▶ _INPUT DATA_:
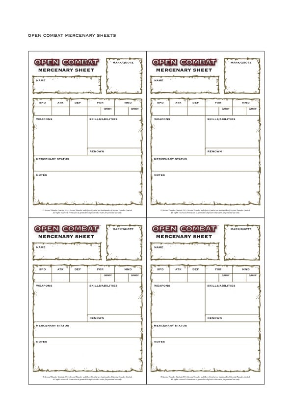 The above link is the Open Combat Mercenary sheets (PDF) for tracking models that have turned to the life of a mercenary in an Open Combat campaign.
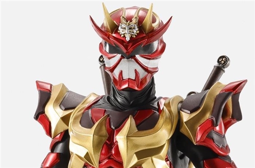 "Armored Hibiki" is a transformed form using the Sonic Expansion Sword and the Armored Sonic Blade. This movable figure is sculpted from the skeleton through the real bone carving technique of sculpting outward from the muscles to the clothing bit by bit. The iconic streamlined armor shape of this Hibiki's final form is created, and it is painted with pearlescent paint to give a shiny appearance of gold, red and black. Accessories include replacement hands and weapons "Sound Rod·Fire" and "Sound Amplifier Sword·Armored Sound Blade", allowing you to reproduce the cool dynamics of using special moves such as Sound Strike and Demon Kakusho!
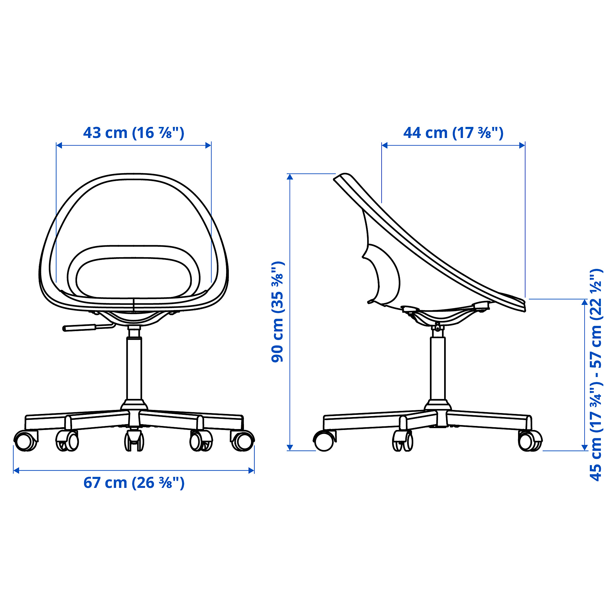 Особенности «MALSKÄR МАЛЬСКЭР, ELDBERGET ЭЛДБЕРГЕТ рабочий стул + подушка, темно-серый, оранжевый» отмеченные производителем IKЕА:
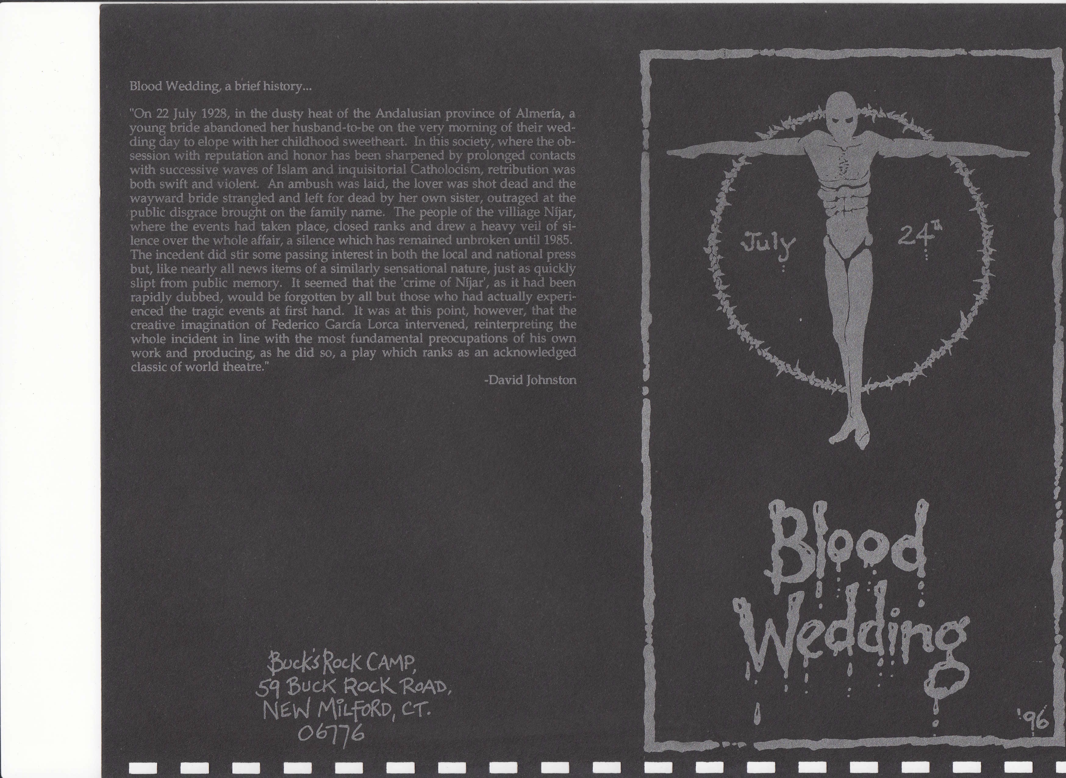 Federico García Lorca was fascinated by the many layers of human emotion and humanity's intrinsic connection with the natural forces that control our lives. Lorca's plays and poems are thick with metaphor and symbolism. We have tried to produce a piece of theatre that is both theatrically challenging and true to the spirit of the author. It is our hope that you will find this production both stimulating and entertaining.
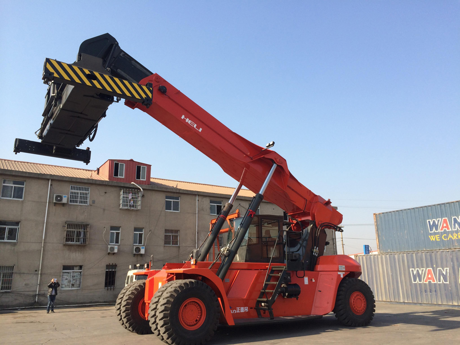 正面吊專門為20英尺和40英尺國際集裝箱而設(shè)計的,主要用于集裝箱的堆疊和碼頭、堆廠內(nèi)的水平運輸,與叉車相比,它具有機動靈活,操作方便,穩(wěn)定性好,輪壓較底,堆碼層數(shù)高,堆場利用率高等優(yōu)點??蛇M行跨箱作業(yè)。特別適用于中小港口,鐵路中專站和公路中專站的集裝箱裝卸,也可在大型集裝箱碼頭作為輔助設(shè)備來使用。
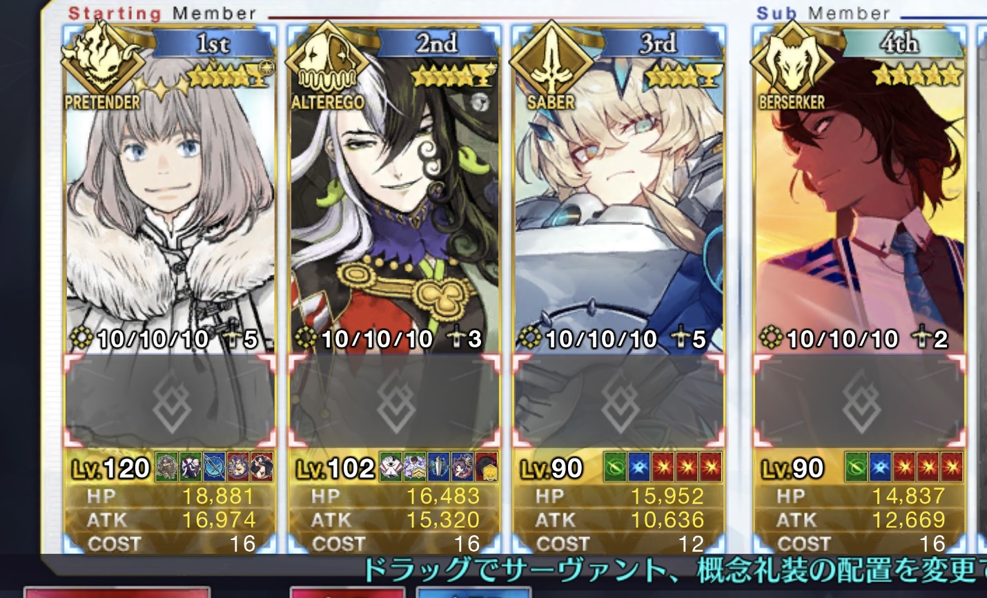 最初のアルターエゴ2騎が倒せずそのまま全滅する

▶ _ACTION ITEM_: Please set down only the lines from the first line of the records above through the line that has "and Demon Kakusho!", exactly, and not the pictures.

▶ _ANSWER BOX_:
 The above link is the Open Combat Mercenary sheets (PDF) for tracking models that have turned to the life of a mercenary in an Open Combat campaign.
 "Armored Hibiki" is a transformed form using the Sonic Expansion Sword and the Armored Sonic Blade. This movable figure is sculpted from the skeleton through the real bone carving technique of sculpting outward from the muscles to the clothing bit by bit. The iconic streamlined armor shape of this Hibiki's final form is created, and it is painted with pearlescent paint to give a shiny appearance of gold, red and black. Accessories include replacement hands and weapons "Sound Rod·Fire" and "Sound Amplifier Sword·Armored Sound Blade", allowing you to reproduce the cool dynamics of using special moves such as Sound Strike and Demon Kakusho!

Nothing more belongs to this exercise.